From the Feuilletons is a weekly overview of what's been happening in the German-language cultural pages and appears every Friday at 3 pm. CET.. Here a key to the German newspapers.

Berliner Zeitung, 12.05.2006

Belarussian writer Artur Klinau tells how Alexander Lukashenko manages to keep Belarus under his spell. "Belarussian society is split between those who live in fear and those seeking to free themselves from fear. Between those pursuing an illusion and those yearning to return to reality. You can't say this split in Belarussian society has only come about recently. It's existed since the moment Lukashenko came to power. Moreover, the split was the very reason why Lukashenko could become president in the first place, because his votes came from that part of Belarus that was still entirely under the spell of the Soviet Empire, from those who wanted to return to the land of happiness."


Süddeutsche Zeitung, 12.05.2006

Franziska Augstein presents the report of the commission of experts on the GDR, which has not yet been published but was already roundly attacked by the historian Hubertus Knabe earlier this week in Die Welt. (See Monday's "In Today's Feuilletons") She actually finds its suggestions quite constructive, for example the proposal for a museum for "Rule, Society and Resistance" beyond the Stasi jails, the Wall in Berlin's Mitte and museums that alredy exist. "A memorial landscape that wanted to show millions of former GDR citizens that they had spent 40 years in ante-chambers of solitary confinement and torture cells would not draw many visitors. Hohenschönhausen is not the only site that's trying to do that. That's why the commission's complaints are actually well founded: 'The tense interaction of the rulers and the ruled, between acceptance and dependence, enthusiasm and contempt, dissatisfied loyalty and scraps of happiness' has not yet been adequately captured in GDR commemoration."

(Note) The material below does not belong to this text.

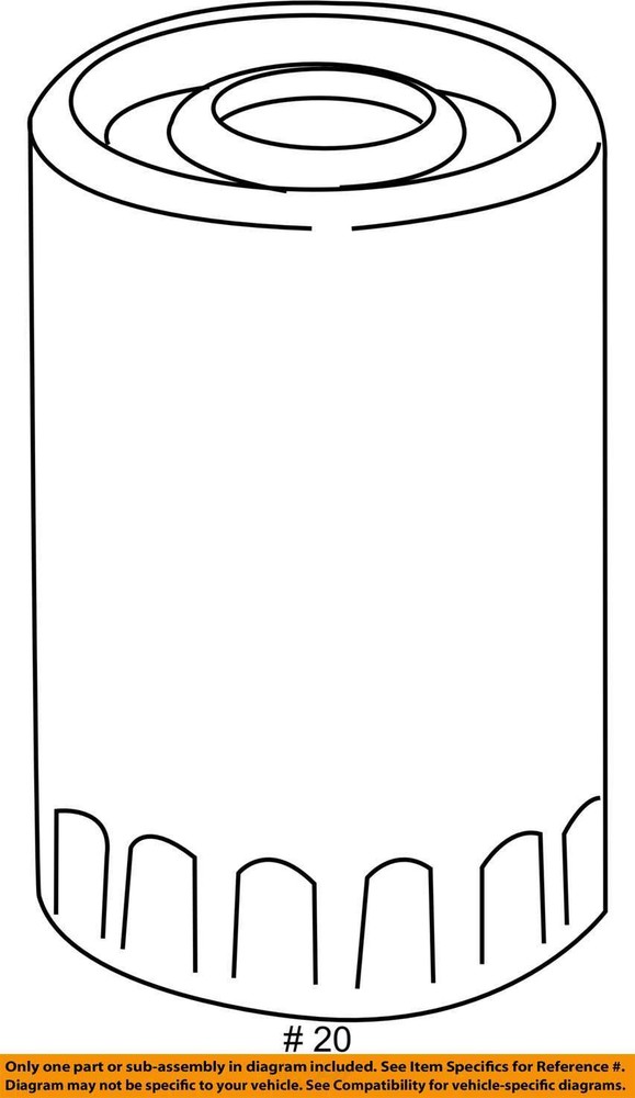 Quantity Needed: 1 Item Name: Oil Filter Manufacturer Warranty: 1 Year Category 1: Engine Brand: FORD OEM Return Policy: No returns for parts having electrical components Category 2: Engine gtin13: Does not apply UPC: Does not apply Interchange Part Number: 1BP00182AA,1BP00467AA,57502,67502X,84045,84502,B7449 Manufacturer Part Number: AA5Z6714A Genuine OEM: Yes Fitment Type: Direct Replacement Part Ref# on Diagram: ONLY PART REFERENCE #20 ON THE DIAGRAM IS INCLUDED Category 3: Engine Parts

Frankfurter Allgemeine Zeitung, 12.05.2006


Rainer Stamm, director of the Paula Mordersohn-Becker Museum in Bremen, looks back on a revolutionary nude in the history of art, more exactly: the first female nude self-portrait, painted by Paula Mordersohn-Becker exactly one hundred years ago, "She gazes out of her self-portrait with a blend of cheek and inquisitiveness. The format of the canvas – one metre high, for her rare – shows she's not going to content herself with a study. Instead of showing a location, the background shines in a lemony yellow punctuated by dabs of green. Her hands surround her lower stomach. Often this position indicates pregnancy, but here instead they point metaphorically to the twin creative powers of the woman artist. She alone is in a position to give birth and to create art."


Die Welt, 12.05.2006

Gernard Gnauck summarises the reaction of Polish intellectuals to the newly formed national conservative government. Jokes about Kaczynski are spreading rampantly. "Today the ridicule doesn't just manifest itself in the form of jokes but also in photo-montages which are circulating on the internet or even in advertisements. Large black posters adorn Warsaw's streets with the warning: 'The IV Republic is coming.' Underneath there's the call: 'Doctors! Stay in Germany!' or 'Plumbers! Stay in France!' or 'Soldiers! Come back from Iraq!'"

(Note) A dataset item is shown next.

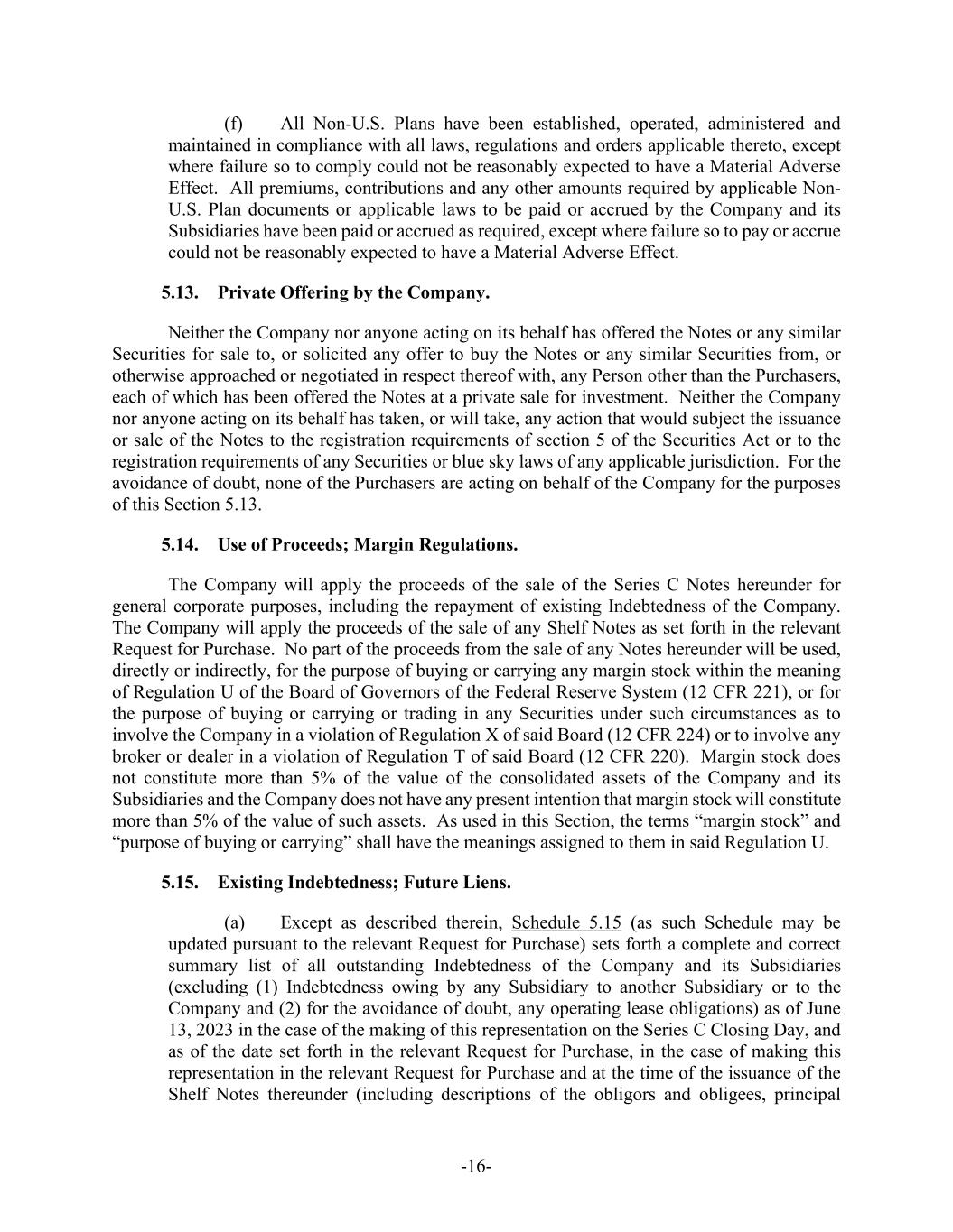 -16- (f) All Non-U.S. Plans have been established, operated, administered and maintained in compliance with all laws, regulations and orders applicable thereto, except where failure so to comply could not be reasonably expected to have a Material Adverse Effect. All premiums, contributions and any other amounts required by applicable Non- U.S. Plan documents or applicable laws to be paid or accrued by the Company and its Subsidiaries have been paid or accrued as required, except where failure so to pay or accrue could not be reasonably expected to have a Material Adverse Effect. 5.13. Private Offering by the Company. Neither the Company nor anyone acting on its behalf has offered the Notes or any similar Securities for sale to, or solicited any offer to buy the Notes or any similar Securities from, or otherwise approached or negotiated in respect thereof with, any Person other than the Purchasers, each of which has been offered the Notes at a private sale for investment. Neither the Company nor anyone acting on its behalf has taken, or will take, any action that would subject the issuance or sale of the Notes to the registration requirements of section 5 of the Securities Act or to the registration requirements of any Securities or blue sky laws of any applicable jurisdiction. For the avoidance of doubt, none of the Purchasers are acting on behalf of the Company for the purposes of this Section 5.13. 5.14. Use of Proceeds; Margin Regulations. The Company will apply the proceeds of the sale of the Series C Notes hereunder for general corporate purposes, including the repayment of existing Indebtedness of the Company. The Company will apply the proceeds of the sale of any Shelf Notes as set forth in the relevant Request for Purchase. No part of the proceeds from the sale of any Notes hereunder will be used, directly or indirectly, for the purpose of buying or carrying any margin stock within the meaning of Regulation U of the Board of Governors of the Federal Reserve System (12 CFR 221), or for the purpose of buying or carrying or trading in any Securities under such circumstances as to involve the Company in a violation of Regulation X of said Board (12 CFR 224) or to involve any broker or dealer in a violation of Regulation T of said Board (12 CFR 220). Margin stock does not constitute more than 5% of the value of the consolidated assets of the Company and its Subsidiaries and the Company does not have any present intention that margin stock will constitute more than 5% of the value of such assets. As used in this Section, the terms “margin stock” and “purpose of buying or carrying” shall have the meanings assigned to them in said Regulation U. 5.15. Existing Indebtedness; Future Liens. (a) Except as described therein, Schedule 5.15 (as such Schedule may be updated pursuant to the relevant Request for Purchase) sets forth a complete and correct summary list of all outstanding Indebtedness of the Company and its Subsidiaries (excluding (1) Indebtedness owing by any Subsidiary to another Subsidiary or to the Company and (2) for the avoidance of doubt, any operating lease obligations) as of June 13, 2023 in the case of the making of this representation on the Series C Closing Day, and as of the date set forth in the relevant Request for Purchase, in the case of making this representation in the relevant Request for Purchase and at the time of the issuance of the Shelf Notes thereunder (including descriptions of the obligors and obligees, principal

Frankfurter Rundschau, 12.05.2006

Frank Hoffmann's staging of "The Taming of the Shrew" at the Ruhrfestspiele as a live comic strip was enough to entertain Stefan Keim for the first half. "Every once in a while, the performance turns totally surreal, a widow with a mop doggy shuffles across the stage, sometimes the scene freezes for a photograph. When Petruchio (well played by Siemen Rühaak) conquers the shrew, the scene slides into the slow motion showdown of a gangster film. Unlike his completely awful 'Minna von Barnhelm' last year, Hoffmann has a workable concept this time."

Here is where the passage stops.